Configuration#

Example of the Gordo model configuration:

evaluation:
  cv:
    sklearn.model_selection.TimeSeriesSplit:
      n_splits: 5
model:
  gordo.machine.model.anomaly.diff.DiffBasedAnomalyDetector:
    base_estimator:
      sklearn.pipeline.Pipeline:
        steps:
          - sklearn.preprocessing.MinMaxScaler
          - gordo.machine.model.models.KerasAutoEncoder:
              batch_size: 128
              compression_factor: 0.6
              encoding_layers: 1
              epochs: 100
              func: tanh
              kind: feedforward_hourglass
              loss: mse
              optimizer: Adam
              out_func: linear
              validation_split: 0.1
    scaler: sklearn.preprocessing.MinMaxScaler
    shuffle: true
    smoothing_method: smm

We can deserialize this configuration into a model object with using gordo.serializer.serializer module.

A Gordo model is typically wrapped by the class gordo.machine.model.anomaly.diff.DiffBasedAnomalyDetector.
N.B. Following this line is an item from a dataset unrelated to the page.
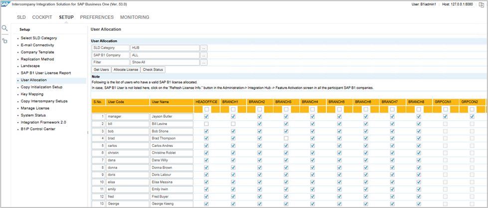 To open the User Allocation screen, go to Intercompany Administration Console and navigate to Setup and choose User Allocation:

This class holds generic methods for model cross-validation, training and fitting.

In turn, this method is wrapped around the class gordo.builder.build_model.ModelBuilder, which is the top-level

We will focus on the output that is created using sklearn.model_selection.cross_validate() method, which is used when using the model for predictions.

gordo.machine.machine.Machine class holds basically all information that is contained in the one Gordo config. The gordo.builder.build_model.ModelBuilder class takes a gordo.machine.machine.Machine and does the heavy lifting when it comes to data fetching, cross-validation and model training.

Evaluation specification#

Alongside the ML-model itself, all aspects of the cross-validation evaluation is parameterized in the config:

- evaluation:
     cv:
       sklearn.model_selection.TimeSeriesSplit:
         n_splits: 3
     cv_mode: full_build
     scoring_scaler: sklearn.preprocessing.MinMaxScaler
     metrics:
     - explained_variance_score
     - r2_score
     - mean_squared_error
     - mean_absolute_error

Alternatively, the cv_mode can be set to cross_val_only which will not fit the final model.

Cross-validation methods#

Setting cv to sklearn.model_selection.TimeSeriesSplit , the dataset is split as depicted below. Independent of the number of splits, the test set always is of the same size.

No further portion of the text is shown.